Я же, приземлившись обратно на раскинутое в траве покрывало, скрестила на груди руки:
— Хам… Ладно, читай, но, я буду высказываться.
— Хорошо. Только не по голове, — откинулся мужчина на спину и вновь развернул над собой газету. — Угу… Читаю дальше: «Юная дриада, преисполненная решимости восстановить справедливость, не колебалась ни секунды. Она сама предложила хитроумный план по возвращению Кентаврийской Омеги и сыграла в нем…
— Сама предложила, сама и сыграла, — хмуро вставила я. — Причем, и предлагала тоже самой себе…
— … одну из главных и очень рискованных миссий, — с нажимом продолжил чтец.
— Это почему же, «одну из главных»? Других физиономий в опочивальне Ольбега я что-то не лицезрела.
— Евсения, не разрушай своим эгоизмом стройную картину организации. Тебе итак в ней отведена самая колоритная роль.
— Ну, конечно. На ваши с Храном «колориты» Ольбег бы вряд ли польстился.
— Угу. Нас он встретил не так… радушно, — нахмурился вдруг Стах, но, уже через мгновенье, с укором глянул на меня. — Читаю дальше: «Используя свои природные чары, Евсения вынудила преступника передать национальную реликвию ей…
— Ну, чары свои я использовала чуть позже. И вообще, если уж громоздить с размахом, то вашему автору можно было бы написать, например, что я заставила его покаяться во всех грехах на перекрестке. Или самолично сгрузив на подводу все свои преступные закрома, поскакать на ней в сторону Прокурата.
— А ты, любимая, начинаешь входить во вкус высокой политики, — приподнял газету мужчина.
— Чего? — выкатила я на него глаза. — Да я вообще не понимаю, зачем так врать. Ведь можно же было просто…
— Скромно умолчать о некоторых обстоятельствах нашего «приключения»? — уточнил Стах и, отбросив листы, рывком сел на покрывале. — Нет, до высокой политики тебе еще далеко… Понимаешь, — почесал он пальцем свой сморщенный нос. — Любая страна нуждается в героях. Особенно, Тинарра. Ведь вся власть в ней держится, в первую очередь, не на правильных законах — к «ошибкам» такого рода наш народ, как раз относится терпеливо. А на личном авторитете того, кто стоит у этой власти или к ней приближен. Тинарре всегда были нужны не реформаторы, а кумиры, которые уже потом получали право «реформировать» все подряд.
— Это, как победа в личном поединке? — сосредоточенно нахмурилась я. — Поэтому она так важна?
— Угу. Именно так. И именно после такой «победы» тебя начинают уважать, что дает право и на многое другое.

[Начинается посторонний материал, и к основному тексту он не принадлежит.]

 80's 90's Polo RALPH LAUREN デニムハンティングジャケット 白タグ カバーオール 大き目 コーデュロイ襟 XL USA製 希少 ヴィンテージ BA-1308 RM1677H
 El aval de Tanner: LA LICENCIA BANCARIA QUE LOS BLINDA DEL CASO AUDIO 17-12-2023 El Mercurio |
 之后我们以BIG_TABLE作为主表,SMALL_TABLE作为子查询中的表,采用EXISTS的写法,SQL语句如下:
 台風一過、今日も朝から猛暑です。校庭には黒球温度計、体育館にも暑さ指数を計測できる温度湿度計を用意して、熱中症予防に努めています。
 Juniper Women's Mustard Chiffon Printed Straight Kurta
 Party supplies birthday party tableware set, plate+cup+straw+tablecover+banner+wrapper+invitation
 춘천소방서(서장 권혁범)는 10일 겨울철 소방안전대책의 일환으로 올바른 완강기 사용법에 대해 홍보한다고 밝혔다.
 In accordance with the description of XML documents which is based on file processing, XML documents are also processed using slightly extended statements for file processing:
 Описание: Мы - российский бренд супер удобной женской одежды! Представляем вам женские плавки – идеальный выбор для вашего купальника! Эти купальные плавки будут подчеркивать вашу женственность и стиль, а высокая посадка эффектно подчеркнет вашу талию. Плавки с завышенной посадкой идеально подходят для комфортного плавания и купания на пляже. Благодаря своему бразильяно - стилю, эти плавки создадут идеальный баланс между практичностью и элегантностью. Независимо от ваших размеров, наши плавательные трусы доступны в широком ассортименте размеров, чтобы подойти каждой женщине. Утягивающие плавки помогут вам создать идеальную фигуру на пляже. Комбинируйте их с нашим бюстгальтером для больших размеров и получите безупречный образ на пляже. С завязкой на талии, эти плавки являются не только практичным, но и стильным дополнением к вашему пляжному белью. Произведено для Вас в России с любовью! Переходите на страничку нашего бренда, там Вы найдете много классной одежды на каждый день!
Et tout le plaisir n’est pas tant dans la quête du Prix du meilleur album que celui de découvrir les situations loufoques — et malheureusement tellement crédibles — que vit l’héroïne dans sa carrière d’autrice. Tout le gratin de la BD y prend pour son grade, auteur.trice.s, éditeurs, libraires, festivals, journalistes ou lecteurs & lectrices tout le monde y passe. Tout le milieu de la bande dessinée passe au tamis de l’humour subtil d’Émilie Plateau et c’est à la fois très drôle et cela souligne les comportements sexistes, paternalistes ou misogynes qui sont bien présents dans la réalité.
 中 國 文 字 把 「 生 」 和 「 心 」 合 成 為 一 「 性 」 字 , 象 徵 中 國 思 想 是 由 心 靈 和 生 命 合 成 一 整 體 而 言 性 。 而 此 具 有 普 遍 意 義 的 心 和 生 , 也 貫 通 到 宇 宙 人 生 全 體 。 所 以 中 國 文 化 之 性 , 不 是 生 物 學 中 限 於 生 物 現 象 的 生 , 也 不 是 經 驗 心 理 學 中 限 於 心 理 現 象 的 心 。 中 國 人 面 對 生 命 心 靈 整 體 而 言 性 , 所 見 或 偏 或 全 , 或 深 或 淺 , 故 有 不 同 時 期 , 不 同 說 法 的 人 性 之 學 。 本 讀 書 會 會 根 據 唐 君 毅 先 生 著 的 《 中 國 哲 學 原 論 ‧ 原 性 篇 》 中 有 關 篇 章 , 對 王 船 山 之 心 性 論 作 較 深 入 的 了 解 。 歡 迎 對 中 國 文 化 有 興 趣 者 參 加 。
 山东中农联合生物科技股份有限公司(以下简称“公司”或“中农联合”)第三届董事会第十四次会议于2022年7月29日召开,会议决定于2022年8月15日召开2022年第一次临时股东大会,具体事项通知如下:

— Значит, из нас сделали кумиров, — обреченно вздохнула я, а Стах согласно хмыкнул:
— Еще каких… Представляешь, когда умерла мама, в Тинарре объявили трехмесячный траур, а отец еще два месяца потом не выходил из дворца. Из-за этого отменили праздник «Первой лозы» и «Тинаррские состязания пятиборцев», к которым вся страна готовилась два года. Чтобы ты знала, это два самых любимых здесь мероприятия. Однако, ему такие «лишения» простили, потому что любили и понимали. По-настоящему простили. Мало того, после ни разу не произнесли ее имя в присутствии отца, чтобы лишний раз не делать ему больно. Будто мамы и вовсе никогда не было… — замолчал Стах, с прищуром глядя в сторону.
— Будто ее и не было, — эхом повторила я. — Стах…
— Угу.
— А после твоей мамы у Сивермитиса кто-нибудь был?
— Гетеры, — качнул он головой. — Специальные женщины для развлечений. Но, это так — на потребу дня. Точнее, ночи. Они прекрасно поют, декларируют и танцуют, но настоящими подругами стать не могут.
— Понятно. Как тебе Фрона, — водрузила я руки на выставленное мужское колено.
— Фрона никогда не была мне подругой, — удивленно откликнулся Стах. — Мы с ней вообще с детства ладим лишь… короткими временами. Хотя, она умна, образована и по-своему красива.
— Да что ты? А как насчет других ее «скрытых» достоинств? — качнула я Стаховым коленом.